Begleitet von der Band Gazza Choro Brazil schreibe ich „Geschichten zum Mitnehmen“. Foto: Christiane Frank

Anzeichen für (nahenden) Winter

  • Schnee in Puderform auf Dächern
  • Kondenswasser zwischen den Fensterscheiben bleibt dauerhaft (nicht nur in meinem Zimmer)
  • Vorfreude auf einen möglichen Adventskalender
  • Auf den Fensterbrettern: kleine Rentier-Aufsteller aus Holz
  • Auf den Tischen: Weihnachtssterne, mit Sternen bedruckte Servietten sowie Teelicht-Behälter mit gestanzten Schriftzügen: „Merry X-Mas“, „Twinkle Twinkle“ und „It’s Winter Time“.
  • Mützen und Handschuhe haben plötzlich wieder eine Funktion (man vermisst sie sofort, sobald man das Haus ohne sie verlässt)
  • Glitzern auf nächtlichem Asphalt (um den Gefrierpunkt)

Zitat der Woche

„Sie duscht nie. Sie badet immer.“

Geschäftsidee der Woche: Ehrlichkeit

Am Mittwoch finde ich in meinem Spam-Ordner eine E-Mail mit dem Betreff „spam“ von einem Absender, den ich nicht kenne. Die Nachrichtentext besteht aus einem Link und den zwei Wörtern „Download Virus“. Dass jemand endlich mal direkt sagt, worum’s geht, finde ich erfrischend. Kurz bin ich neugierig, was sich hinter dem Link verbirgt. Aufs Klicken verzichte ich trotzdem.

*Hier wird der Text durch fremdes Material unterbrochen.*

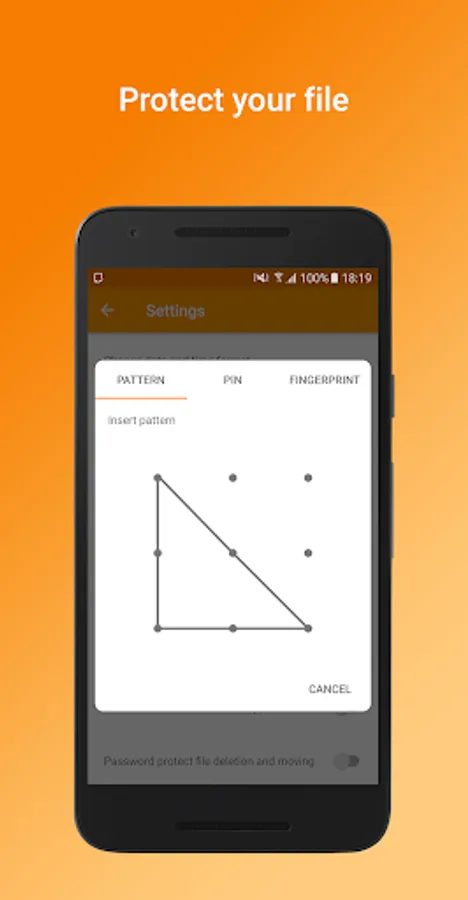 - Protect your files with : Pattern, PIN, Fingerprint.

Fundstücke aus der Bibliothek des Konvikts

Mit dem Direktor des Konvikts, Dr. Fiedler, sortiere ich am Donnerstag Bücher der Konviktsbibliothek (nach Belletristik und Literaturwissenschaft sind nun Philosophie, Psychologie, Sachbücher und Fundstücke dran). Immer wieder ziehen wir Kurioses aus den Stapeln. Vieles davon sortieren wir aus, einiges landet auf einem Stapel „zur allgemeinen Belustigung“.